Matricies are very easy in C#, if you post the rotation part of your code in the net part of code red you should get some help

#### silveroak

• Guest ##### Re: Reading 3D rotation properties
« Reply #7 on: October 29, 2008, 09:33:35 PM »
I finally got it to work after conversion to C# and trying to apply it with TransformBy,
it turns out the resulting block matrix must be transposed or rebuilt column-first to work with TransformBy.  It will fully recreate a block's position and orientation if applied to unrotated block at 0,0,0.
If it is not transposed, it will do strangest things including wild scaling and making blocks disappear (maybe become tiny, not sure)  :ugly:

I noticed the difference when it dawned on me that the transform matrix examples in AutoCAD help have the unused 0,0,0 in the bottom row as opposed to rightmost as in the test output.
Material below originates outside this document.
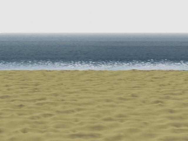 Bueno creo que la textura de la arena es muy monótona y sin detalle, y el borde de la playa no debería estar más liso ya que, chocan las olas. Un saludo.

I am wondering why is this so and what would this code build it like that (just curiosity)?

#### Bryco

• Water Moccasin
• Posts: 1850 ##### Re: Reading 3D rotation properties
« Reply #8 on: October 29, 2008, 11:06:42 PM »
I personally hate the way matricies are built in cad and the code I supplied is the way it makes sense to me.
I found out by back tracking the cad matrix supplied with getsubentity, which gives you the matrix to put the subentity from the blockref back to the 0,0 blockdef. This was 180 degrees from what  I wanted so you may need an inverse and a transposing.